**Action item:**
Render every line of the data exactly as written, and leave out the pictures.

**Provided data:**
--- --- ---
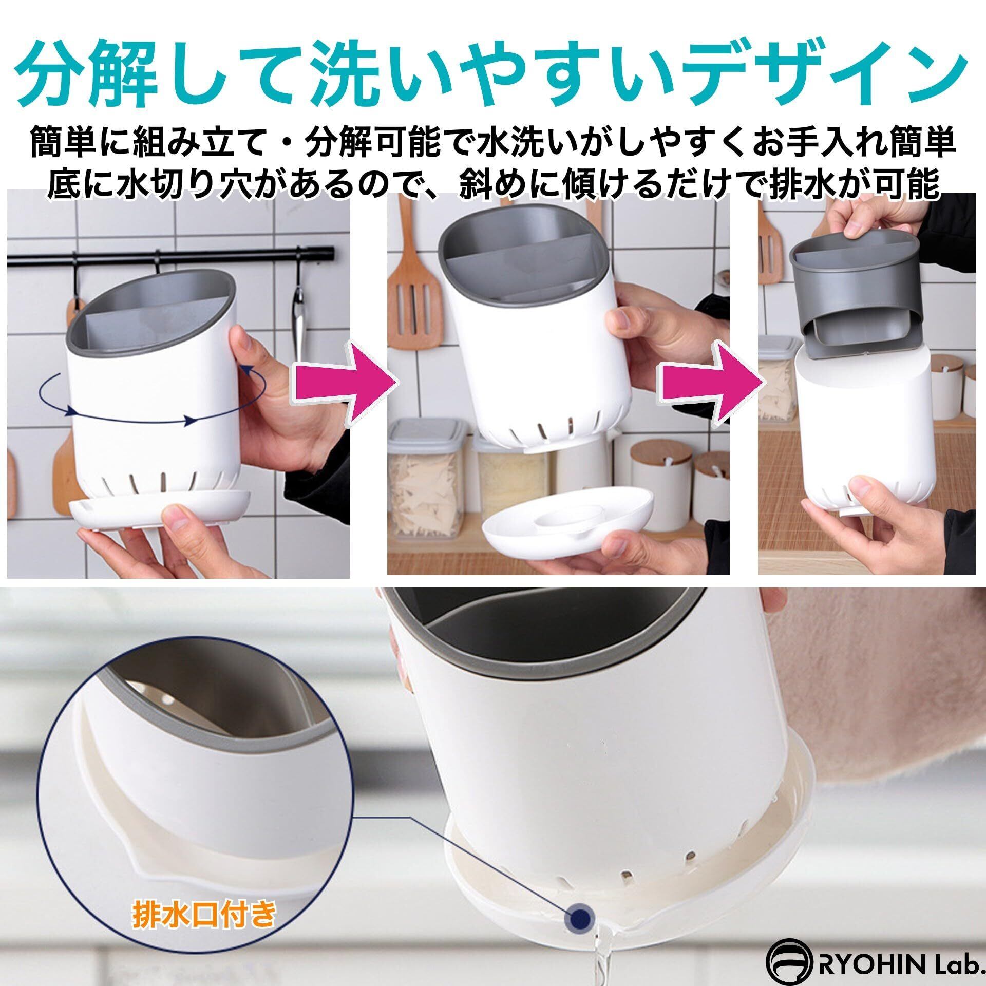 RYOHIN Lab.(良品ラボ) 箸立て 水切り スリム プラスチック 洗いやすい カトラリースタンド キッチン収納 多機能ラック 1個 (ホワイト)
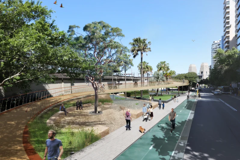 On the northern end of the bridge, where cyclists currently have to dismount and traverse stairs on foot, the ramp will connect to Alfred Street in Milsons Point.
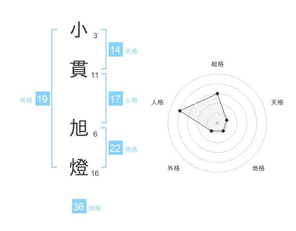 小貫 旭燈さんの地格は22画の1点!
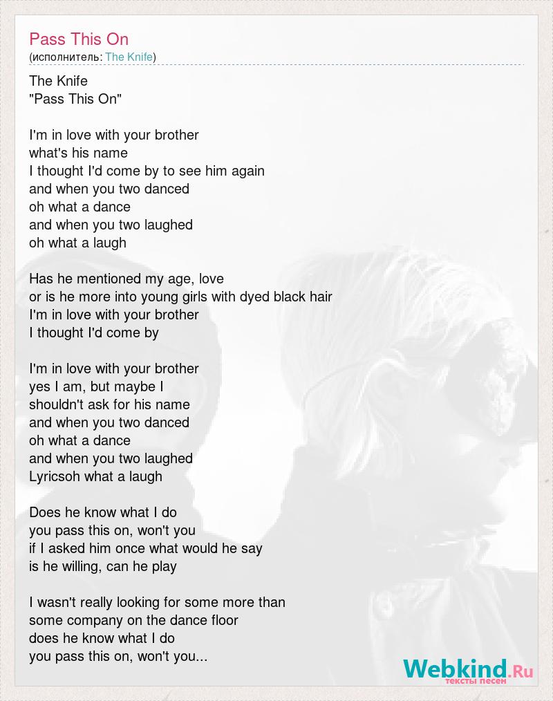 The Knife "Pass This On" I'm in love with your brother what's his name I thought I'd come by to see him again and when you two danced oh what a dance and when you two laughed oh what a laugh Has he mentioned my age, love or is he more into young girls with dyed black hair I'm in love with your brother I thought I'd come by I'm in love with your brother yes I am, but maybe I shouldn't ask for his name and when you two danced oh what a dance and when you two laughed Lyricsoh what a laugh Does he know what I do you pass this on, won't you if I asked him once what would he say is he willing, can he play I wasn't really looking for some more than some company on the dance floor does he know what I do you pass this on, won't you...
--- --- ---
**Written reply:**
 RYOHIN Lab.(良品ラボ) 箸立て 水切り スリム プラスチック 洗いやすい カトラリースタンド キッチン収納 多機能ラック 1個 (ホワイト)
 On the northern end of the bridge, where cyclists currently have to dismount and traverse stairs on foot, the ramp will connect to Alfred Street in Milsons Point.
 小貫 旭燈さんの地格は22画の1点!
 The Knife "Pass This On" I'm in love with your brother what's his name I thought I'd come by to see him again and when you two danced oh what a dance and when you two laughed oh what a laugh Has he mentioned my age, love or is he more into young girls with dyed black hair I'm in love with your brother I thought I'd come by I'm in love with your brother yes I am, but maybe I shouldn't ask for his name and when you two danced oh what a dance and when you two laughed Lyricsoh what a laugh Does he know what I do you pass this on, won't you if I asked him once what would he say is he willing, can he play I wasn't really looking for some more than some company on the dance floor does he know what I do you pass this on, won't you...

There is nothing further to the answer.